◆ EXERCISE REQUIREMENTS ◆
Skip the pictures and copy all the data that follows exactly.

◆ SOURCE DATA ◆
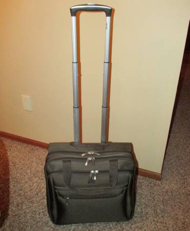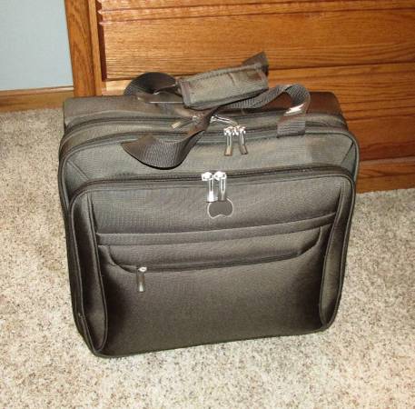 Approximate exterior dimensions: 16” high x 17” wide x 9” deep. Color: Brown. Three zippered exterior pockets with multiple interior pockets, and one with a secured holder for laptop - up to 13” x 14.5”. Main compartment has a zippered flat pocket.
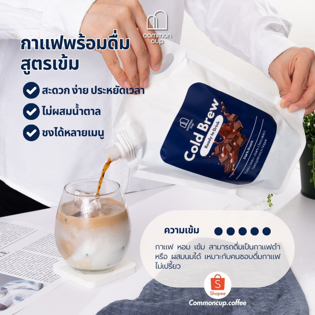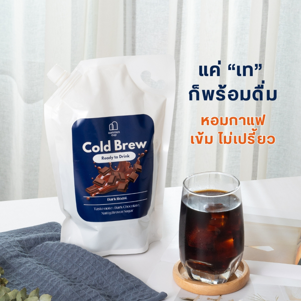 พร้อมส่ง!!! Common Cup Cold Brew cold brew Ready to Drink! แบบพร้อมดื่ม ไม่ต้องผสมน้ำ แต่หากรู้สึกเข้มไปสามารถเติมน้ำปรับสัดส่วนได้ตามต้องการ กาแฟสกัดเย็นพร้อมดื่ม สูตรเข้ม ใช้เมล็ดกาแฟคั่วเข้ม หอม เข้ม “เปิด เท ดื่ม” ง่ายๆ ในวันเร่งรีบ แนะนำทานเย็น ทานได้ทั้งกาแฟดำและกาแฟนม หรือจะนำไปผสมน้ำผลไ
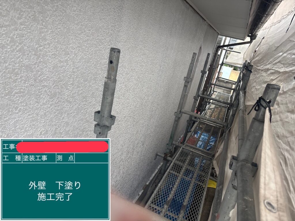 これで下塗り作業が完了し、次は中塗り・上塗りへと進んでいきます。塗り重ねるごとに外壁の表情が変わり、完成に近づいていく様子を見るのはとても楽しみです。お客様にも安心していただけるよう、引き続き丁寧な作業を心がけていきます。

◆ TASK ANSWER ◆
 Approximate exterior dimensions: 16” high x 17” wide x 9” deep. Color: Brown. Three zippered exterior pockets with multiple interior pockets, and one with a secured holder for laptop - up to 13” x 14.5”. Main compartment has a zippered flat pocket.
 พร้อมส่ง!!! Common Cup Cold Brew cold brew Ready to Drink! แบบพร้อมดื่ม ไม่ต้องผสมน้ำ แต่หากรู้สึกเข้มไปสามารถเติมน้ำปรับสัดส่วนได้ตามต้องการ กาแฟสกัดเย็นพร้อมดื่ม สูตรเข้ม ใช้เมล็ดกาแฟคั่วเข้ม หอม เข้ม “เปิด เท ดื่ม” ง่ายๆ ในวันเร่งรีบ แนะนำทานเย็น ทานได้ทั้งกาแฟดำและกาแฟนม หรือจะนำไปผสมน้ำผลไ
 これで下塗り作業が完了し、次は中塗り・上塗りへと進んでいきます。塗り重ねるごとに外壁の表情が変わり、完成に近づいていく様子を見るのはとても楽しみです。お客様にも安心していただけるよう、引き続き丁寧な作業を心がけていきます。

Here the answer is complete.